Mas se Portugal é o aluno-estrela é também porque as nossas condições foram diferentes - de substância e de tempo - da Grécia, por exemplo. Portugal foi escolhido pelos professores para mostrar que eles não são sempre incompetentes, e que conseguem transformar um caso aparentemente perdido num educando do quadro de honra. Por outras palavras, dava jeito que connosco a coisa corresse um pouco melhor.

Fizemos por isso, sem dúvida. Com excessos de uma agressividade gratuita, aqui e ali, não indo tão longe nalgumas reformas que deveríamos ter feito e que não se concretizarão tão cedo. Beneficiámos de uma vontade política de que tivéssemos sucesso e de uma envolvente internacional eventualmente irrepetível. E fizemos, colectivamente a nossa parte. O que se segue, agora?

O Commerzbank já não nos chama criança problemática, mas reconhece que os problemas não desapareceram todos. E há sinais e indicadores de alerta.

A despesa do Estado está controlada, mas a parcela da despesa fixa do Estado está e irá continuar a aumentar. No comércio internacional, a sensação de alívio levou a um estado de euforia, com um ímpeto gastador que se vê nos carros comprados, e noutras importações para consumo puro. Em 2017, serão vendidas e compradas centenas de milhares de casas, cuja avaliação não cessa de aumentar (até quando?) e cujos contratos são feitos com as Euribor negativas (até quando?) na cabeça. A dívida pública teima em não baixar que se veja, enquanto vamos ficando satisfeitos com o rácio desta face ao PIB, que esse sim está robusto.

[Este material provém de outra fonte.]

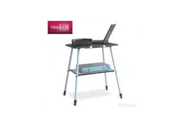 Презентационный стол для проектора. Прочный и надежный стол для проектора (портативный) со столешницей и полкой. Идеально подходит для мобильных презентаций. Складная конструкция хорошо продумана, красива и функциональна. Большая столешница позволяет удобно расположить рядом проектор и ноутбук. В собранном виде столик очень устойчив благодаря трапециевидному расположению легких алюминиевых ножек. Столешница покрыта черным элегантным и нескользящим материалом, имитирующим кожу. Винтовой замок для фиксации телескопически удлиняемых ножек выполнен из высокопрочного пластика, концы ножек "обуты" в резиновые наконечники, дабы избежать скольжения и повреждения пола. Конструкция быстро и легко собирается и разбирается за 2 минуты. Ножки быстро вкручиваются в специальные гнезда под столешницей, высота каждой ножки фиксируется на нужной длине винтовым закручивающимся замком. Нижняя полка прочно закрепляется на крючках одним движением руки. В собранном виде ножки вправляются в пазы на обратной стороне столешницы. Столешница с закрепленными на ней ножками снабжена ручкой, и похожа на большой и солидный кожаный портфель. Красиво смотрится, удобно переносить. Габариты столика в рабочем положении (длина по размаху ножек х ширина по размаху ножек х высота), см: 79 х 57 х 79 (при отрегулированной минимальной длине ножек), 99 х 79 х 140 (при отрегулированной минимальной длине ножек). Габариты столешницы (Ш х Г х В), см: 65 х 45 х 2. Габариты нижней полки (Ш х Г х В), см: 42 x 45 х 2. Грузоподъемность столика с установленной полкой при высоте столика 78 см: 70 кг. Грузоподъемность столика с установленной полкой при отрегулированной высоте столика более 79 см: 20 кг. 10 Грузоподъемность нижней полки: 10 кг. Габариты столика–портфеля в собранном виде (Ш х В х Г), см: 79 х 45 х 6. None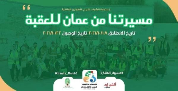 عمان جو - بتنظيم من جمعية الجيل الأخضر تنطلق صباح الاثنين، فعاليات (مسيرة المناخ 5) من عمان إلى العقبة مشيا على الأقدام للمرة الخامسة على التوالي (بعد توقفها العام الماضي بسبب ظروف الجائحة). وتأتي هذه المسيرة تحت عنوان "استجابة الشباب الأردني للطوارئ المناخية" بالتعاون مع آكشن إيد المنطقة العربية.

Ninguém vira génio ou virtuoso de um dia para o outro, mesmo com a "cura" de pancada que apanhámos no lombo. As circunstâncias mudaram, para melhor, e nenhum povo pode viver para sempre no pânico do próximo corte. Mas há comportamentos, compreensíveis e alguns até saudáveis até certo ponto, que já vimos nos nossos tempos de "criança problemática".

Muita gente fala em políticas anti-cíclicas, mas poucos efectivamente as praticaram, sobretudo em tempos de crescimento.

A festa está boa, mas se calhar não fazia mal irmos baixando um bocadinho o volume.